他已经24了。

十八岁之前,他因为没有术式,被欺凌,羞辱,不被当人看,自己自强自立,靠拳头在窒息一般黑暗的禅院家打出一条生路,而后自己给自己选定了方向,斩断了过去,向未来无限逃亡。

十八岁后,遇到葵,短暂的幸福,然后结婚,生子,却在20岁,不得不因为自己的血脉和疏忽,面对妻子重病的迷茫与痛苦。

二十岁,为了让葵活下来,将葵封入狱门疆。之后的多年,他独自一人生活,像是挂着胡萝卜的马,无望而绝望的奔跑。

他人生中的每一个关节,都仿佛在宣告没有术式的他,连人也不配成为。他未来的一切恶果,是从出生起就注定的命运。
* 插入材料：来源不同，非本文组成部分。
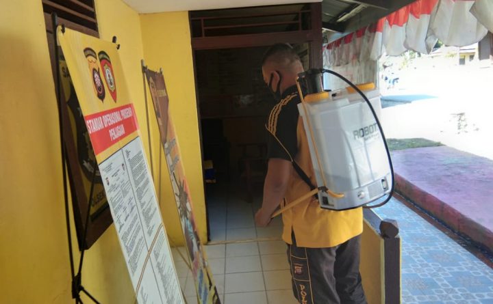 Polres Bengkayang – Personil polsek Teriak telah melakukan penyemprotan Disinfektan ke seluruh ruangan2 melaksanakan tugas pelayanan sehari2 di Mako Polsek Teriak demi menjamin kenyamanan dan sterilisasi ruangan dalam melayani masyarakat sehari- harinya. Selain itu personil Polsek Teriak sebelum melaksanakan pelayanan kepada masyarakat rutin melakukan pemeriksakan kesehatan tubuh selama masa pandemi saat ini, Minggu (18/07/2021). Melakukan..

现在他被告知,他的天与咒缚之下,是禅院家期待百年的十种影法术。

荒谬。

只有荒谬。

荒谬到他一时愣在那里,许久后,吐出一声嘲讽的笑。

“我不要。”

他说:

“我不需要。”

或许所有天与咒缚都在同时接到了消息,或许有人选择取消,有人没有。

和伏黑甚尔无关。

他是0咒力的天与咒缚,事到如今再让他成为咒术师,他觉得恶心。

之后,那道似乎来自世界的声音沉默了一段时间,而后传来一道短讯:

「个体伏黑葵的必死命运已改变」

之后就再没了声音。

……

伏黑甚尔扯动嘴角上的伤疤,转过头,看向五条悟。